** DATA SEGMENT **
+-------+

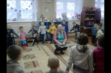 После Новогодних каникул в детский сад прискакал Зайчик. Он расспросил у ребят, как они провели праздничные дни. Затем поиграл с ними, послушал стихи и песни. В конце дети получили мелки для рисования.
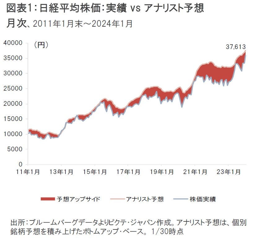 新NISAの開始とともに、日本株の上昇が著しい。この結果、アナリストが予想する12か月後の日経平均株価は、既にほぼ達成し、現値との乖離(アップサイド)は4%程度まで縮小してしまった(図表1。1/30時点)。近年はアナリスト予想のアップサイドが大きくなっており、特に年初は強気予想が目立つ傾向にあったが、今年は年初の株価上昇に予想が追い付いていない。現在のアップサイドの低さは、アベノミクス相場の2013年1月以来である。
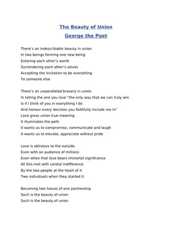 George The Poet The Beauty Of Union Words . Lesson focusing on prince harry & meghan markle's wedding, with a particular focus on writing poetry and george the poet's specially commissioned poem. His innovative brand of musical poetry has won him critical acclaim both as a recording artist and a social commentator.
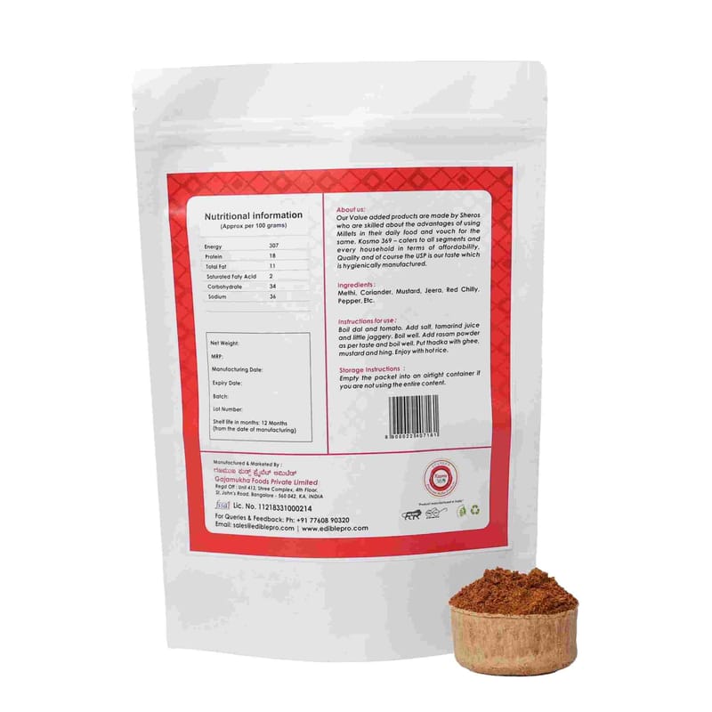 Rasam powder is a versatile and flavorsome spice blend that is an integral part of South Indian cuisine. This ready-to-cook rasam powder with a perfect blend of aromatic spices, this powder imparts an authentic and robust flavour to your rasam. Simply mix the powder with water, adding in tamarind juice, salt & little jaggery, along with boiled dal & tomato and you have a wholesome and comforting bowl of rasam ready to savor in just 10-15 minutes. Rasam is not only delicious but also highly nutritious. Whether you're looking for a quick and easy accompaniment to your rice this pack of rasam powder is a must-have in every Indian kitchen.

+-------+

** DESCRIPTION OF THE TASK **
Take the listing above and restate it word for word, without its pictures.

** OUTPUT FOR THIS TASK **
 После Новогодних каникул в детский сад прискакал Зайчик. Он расспросил у ребят, как они провели праздничные дни. Затем поиграл с ними, послушал стихи и песни. В конце дети получили мелки для рисования.
 新NISAの開始とともに、日本株の上昇が著しい。この結果、アナリストが予想する12か月後の日経平均株価は、既にほぼ達成し、現値との乖離(アップサイド)は4%程度まで縮小してしまった(図表1。1/30時点)。近年はアナリスト予想のアップサイドが大きくなっており、特に年初は強気予想が目立つ傾向にあったが、今年は年初の株価上昇に予想が追い付いていない。現在のアップサイドの低さは、アベノミクス相場の2013年1月以来である。
 George The Poet The Beauty Of Union Words . Lesson focusing on prince harry & meghan markle's wedding, with a particular focus on writing poetry and george the poet's specially commissioned poem. His innovative brand of musical poetry has won him critical acclaim both as a recording artist and a social commentator.
 Rasam powder is a versatile and flavorsome spice blend that is an integral part of South Indian cuisine. This ready-to-cook rasam powder with a perfect blend of aromatic spices, this powder imparts an authentic and robust flavour to your rasam. Simply mix the powder with water, adding in tamarind juice, salt & little jaggery, along with boiled dal & tomato and you have a wholesome and comforting bowl of rasam ready to savor in just 10-15 minutes. Rasam is not only delicious but also highly nutritious. Whether you're looking for a quick and easy accompaniment to your rice this pack of rasam powder is a must-have in every Indian kitchen.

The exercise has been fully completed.